Everything that had happened between us so far could still be seen as friendly banter, though it was hard to tell where good-natured rough-housing ended and the pleasure of amorous touching began; the borderline was carefully guarded by sober intelligence, even if the situation itself, precisely because of its delicious inherent possibilities, seemed irreversible; we'd either crossed the line already or simply didn't know where we were.

She'll tell me another time, she said dryly, now I should let her go.

No, I won't, I said, not until she explained what she meant, I don't like this kind of nonsense.

But reason could no longer help our feelings, because the words themselves were trying to decide about something startling and final, yet we no longer had any idea of what we were talking about — again an unmistakable characteristic of a lovers' quarrel.

Angry and impatient, she jerked her head sideways, hoping perhaps that a change of position would also change the situation.

Come on, let go, she said, almost spitefully, Arno had no idea where she might be, he was waiting for her, he'd get all crabby from so much waiting, it was very late.

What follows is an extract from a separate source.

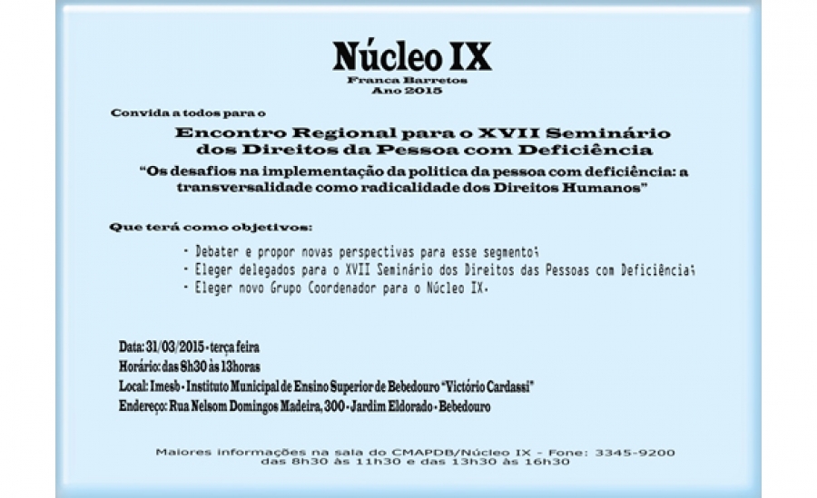 Durante o encontro serão desenvolvidos e debatidos temas como gênero, raça e etnia, diversidade sexual e geracional, órgãos gestores e Instâncias de Participação Social, a interação entre os poderes e os entes federados. Para cada eixo haverá um especialista que coordenará o grupo. Acontecerá também uma eleição para Delegados que representarão o Núcleo IX, instalado em Bebedouro. A função de Delegado é encaminhar e votar as nossas propostas ao Seminário Estadual que posteriormente serão encaminhadas para a Conferência Nacional dos Direitos Humanos. Estes Delegados também concorrerão aos cargos de conselheiros estaduais no Conselho Estadual para Assuntos da Pessoa com Deficiência (CEAPcD).

As she jerked her head away, a ray of light fell on her face, the harsh light of a streetlamp; it was perhaps this light that defeated me.

Pretty funny that she should think of Arno right now, I said with a laugh.

Because in the harsh light from the street — and there is no other way I can put it — his face appeared on hers.

For a moment her face did seem to resemble Arno's long, dry, mournful face, yet it wasn't so much his features that showed through as a feeling, or the shadow of a feeling, just a trace of sadness belonging to that strange man to whom she felt she belonged, and whom, simply by pronouncing his name, and therefore not unwittingly, she now placed between us; he wasn't just the old husband she had to think about even at the moment she was unfaithful and whom she treated like a father or a son; no, it was this man's sadness to which she had to remain faithful, so she could remain faithful to the abiding, all-encompassing sadness that was the basis of their life together — could this be the reason she mentioned being Jewish? — a sadness that was not only his but hers as well, it would appear; was there something between them that was truly unbreakable? could their common bond be the fact that she was a Jew and he a German?

I should have overcome, wiped away, or at least banished temporarily this hitherto unfamiliar, never-before-seen sadness, except that Arno's sadness confounded me; it was the sadness of a man I didn't feel close to, a man I couldn't touch, and I couldn't pretend I didn't see that they shared this sadness — hence her victory, or theirs, over me.